• 1 C GF Oats
• 15 Pitted Dates (soaked 5 mins and drained)
• 1/2 C Raw Almonds
• 2 Tbsp Cocao Powder
• 2 Tbsp Melted Coconut Oil
• 1/2 tsp Vanilla
• 1/2 tsp Pink Himalayan Sea Salt


• 2 C Raw Cashews (soak overnight)
• 1 Navel Orange (zest and Juice)
• 2 Lemons (juice)
• 1/8 tsp Orange Blossom Water (optional)
• 1/4 tsp Vanilla
• 1/2 C Maple Syrup
• 1/2 tsp Turmeric Powder
• 1/8 tsp Red Beet Root Powder
• 1 tsp Pink Himalayan Sea Salt
• 3/4 C Cocoa Powder


•Blend crust ingredients in food processor until it starts to come together.

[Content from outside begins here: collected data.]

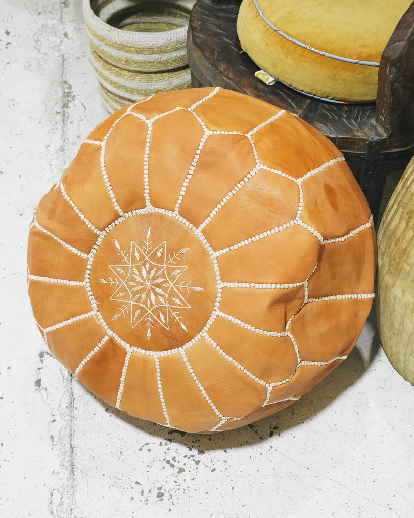 Leather Ottoman with cotton stitching in a contrasting colour.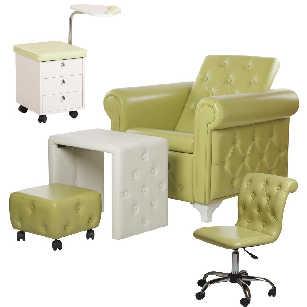 Удобный пуф для мастера маникюра на колесах с декоративными пуговицами, которые украшают внешнюю часть пуфа. Габариты: 38(Ш) x 28(В) x 38(Г)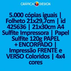 5.000 cópias iguais | Folheto 21x29,7cm | id 425636 | 21x30cm A4 Sulfite Impressora | Papel Sulfite 120g PAPEL + ENCORPADO | Impressão FRENTE e VERSO Coloridos | 4x4 cores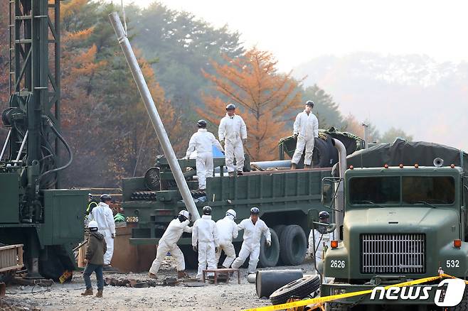 (봉화=뉴스1) 공정식 기자 = 3일 오후 경북 봉화군 아연광산 매몰 사고 현장에서 군 관계자들이 고립 작업자들의 생존 여부를 확인하기 위해 시추작업을 진행하고 있다. 2022.11.3/뉴스1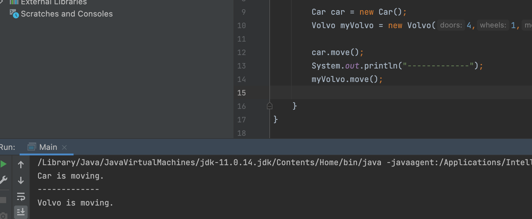 Main에서 Car와 Volvo class로 각각 하나씩 objects를 만들어주고 move() method를 호출하였습니다.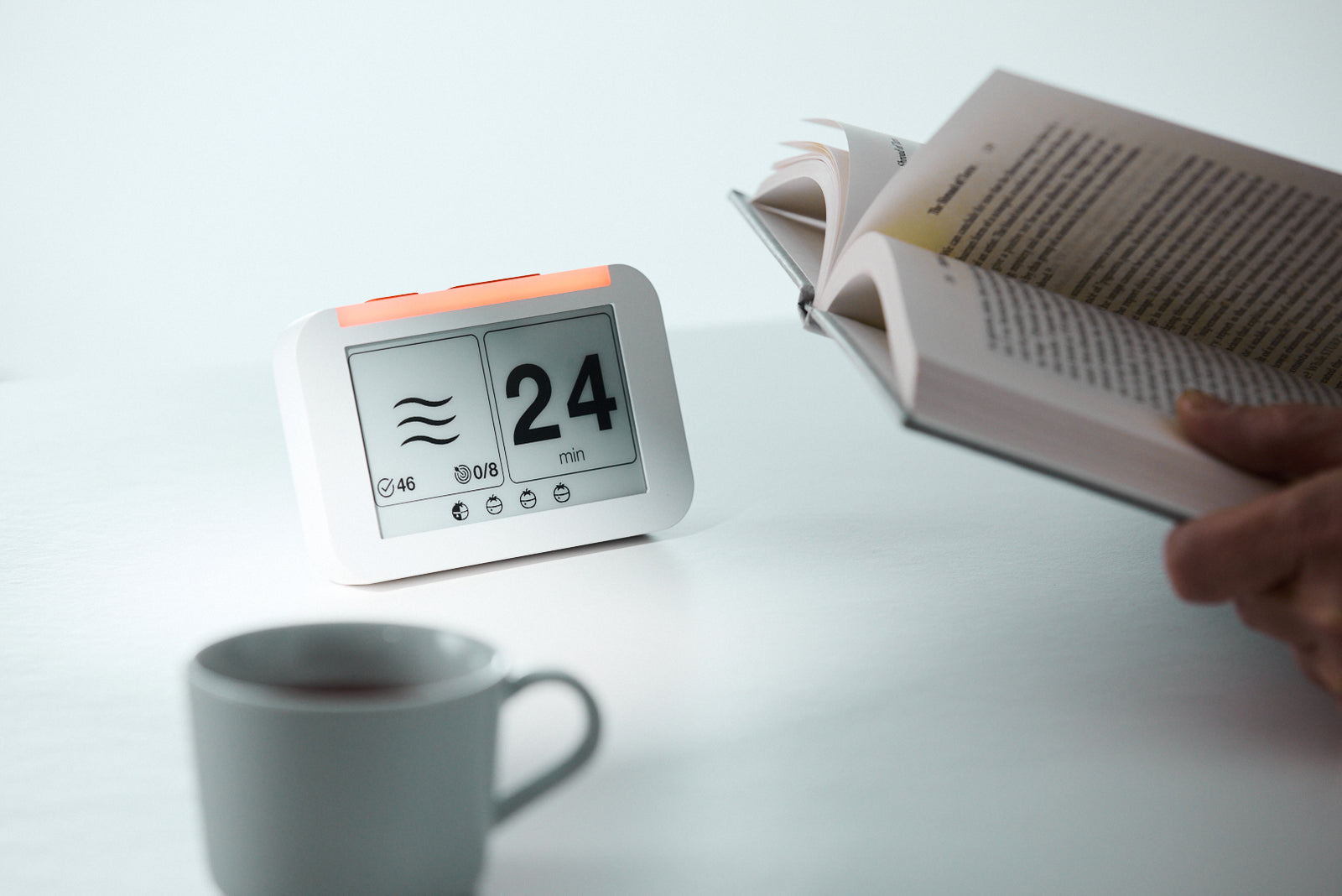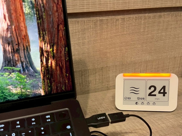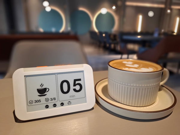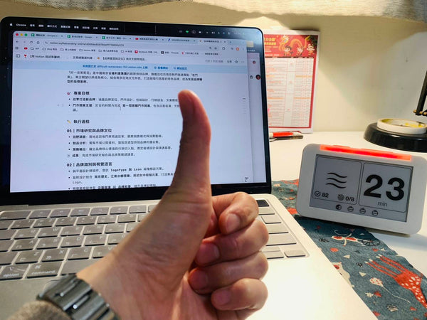 心流鐘透過以下設計有效解決我的困擾:首先是亮燈功能,它建立了清晰的視覺邊界,讓周遭人知道我正處於深思狀態,不想被打擾。 其次,它計時方式與量化番茄數,解決了我分不清該長休還是短休的困擾,同時省去了拿手機計時的分心機會。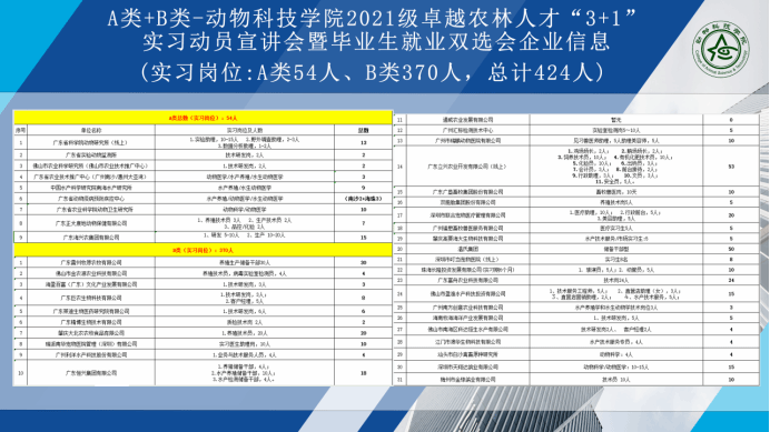 学院扎实推进“卓越农林工程”建设,成效显著:针对农科人才就业特点,实施“3+1”人才培养模式改革,使学生到田间地头、生产一线去学习实践,为学生铺好从学校到就业的最后一公里。从就业情况看,除升学外,有50%的本科毕业生和近70%的研究生能够从事与所学专业相关的工作,不仅彰显了动物科技学院教育教学的实效性,也反映了学院在人才培养方面与社会需求的深度融合。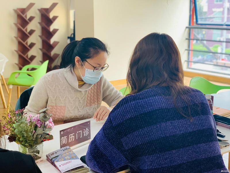 招聘会上,为帮助毕业生提升技能、获得岗位,浦东新区就业促进中心设立政策咨询台,安排指导专家及相关工作人员提供“职业指导”“创业指导”“培训服务”“政策咨询”等服务项目,还打造了“E立方”职业指导品牌,把政策、岗位、培训等资源送到学生身边。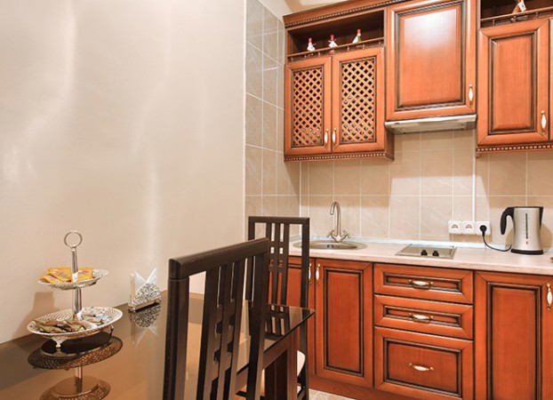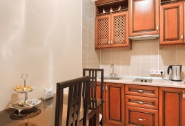 - 2-местный 3-комнатный Семейный «Люкс»/ Family Suite. Площадь 54 кв. м В номере: гостиная с мягкой мебелью и камином, кабинет, кухонный уголок, кухонная техника, мини-бар, чайный набор, электрический чайник, спальня с двуспальной кроватью, компьютер, 2 телевизора, телефон, кондиционер, кабельное телевидение, Wi-Fi, санузел с джакузи, фен, халат, тапочки.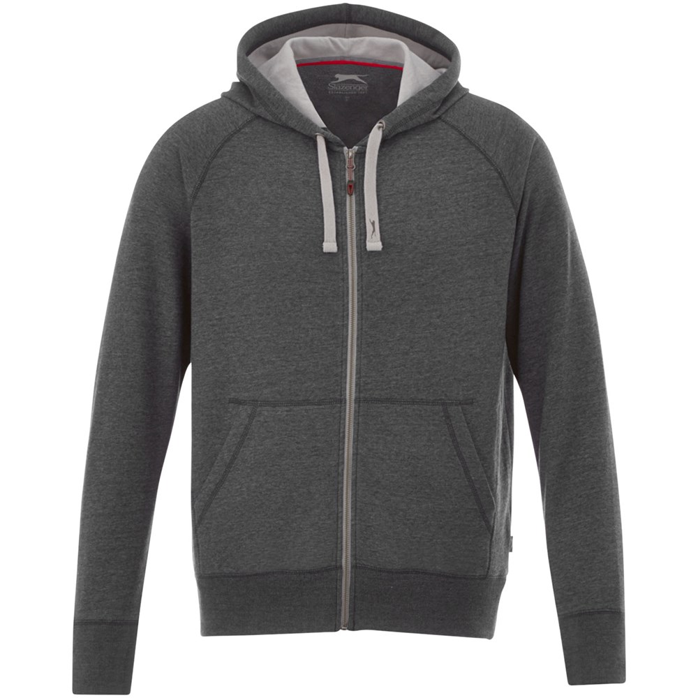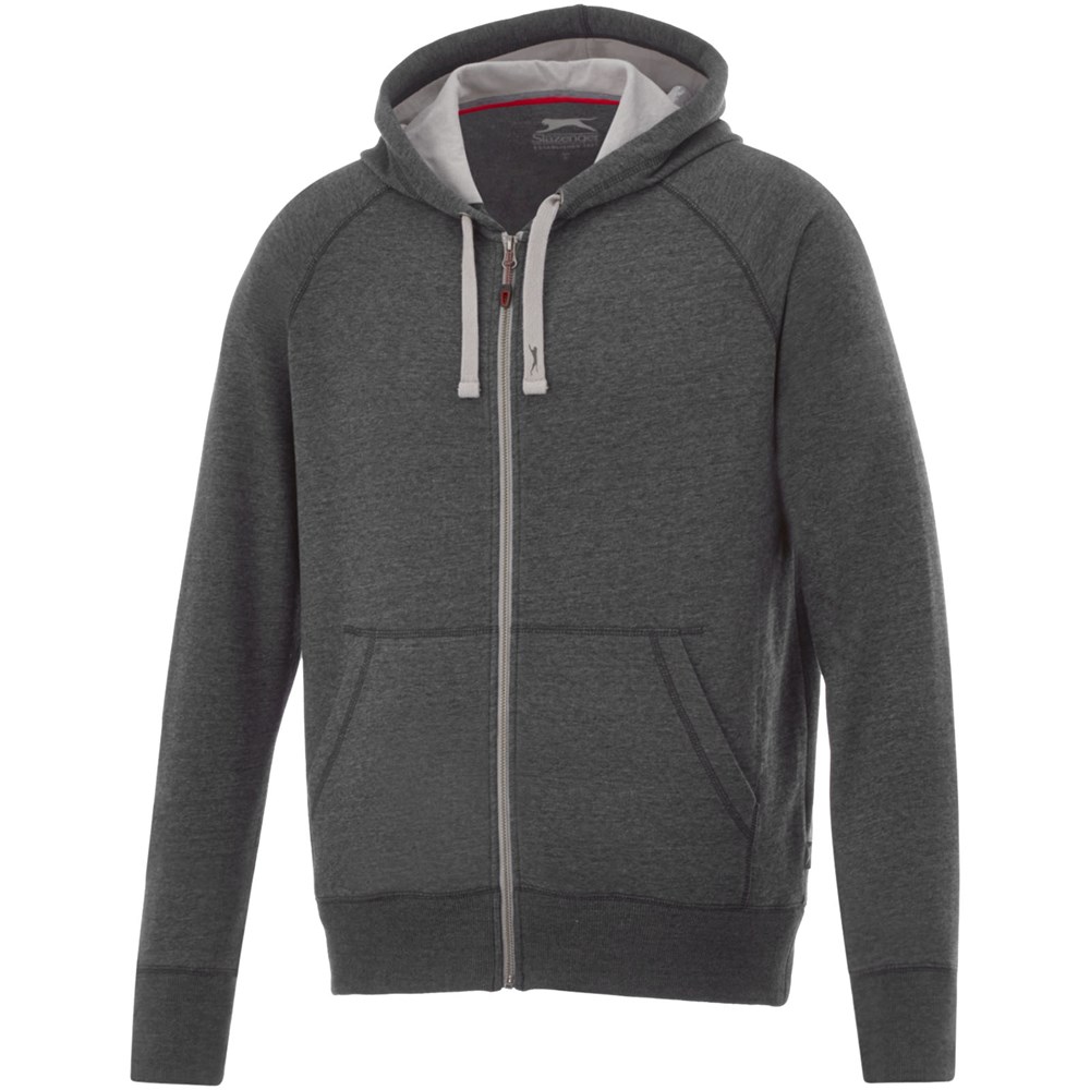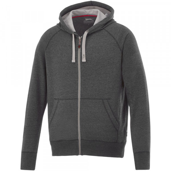 Kontrastfarbiges Single-Jersey Futter. Mediatasche in der rechten Innentasche. Daumenlöcher. Herren und Damen Modell mit Kordelzug in Kapuze. Kängurutasche. Kontrastfarbige Flatlock-Naht. Elasischer 2x2 Rippstrickbund. 1x1 Rippstrickkragen und Bund. Metall-Reißverschluss. 2-farbiges Nackenband.

Press into bottom of springform pan and place in freezer.

•Add all filling ingredients EXCEPT COCAO to blender. (Since this is blended, I used my peeler to peel the zest off the orange, making sure I didn't get too much white. Way faster and you don't loose any little bits!) Blend until smooth. Remove 1/3 of filling, set aside. Add cocoa to blender and blend until colour is even. Pour over crust and smooth. Add remaining 1/3 C filling by spoonfuls in a swirl on top and swirl back and forth with a skewer or toothpick to make design. Pick up pan 1-2" off counter and gently drop on counter repeatedly to set. Freeze overnight.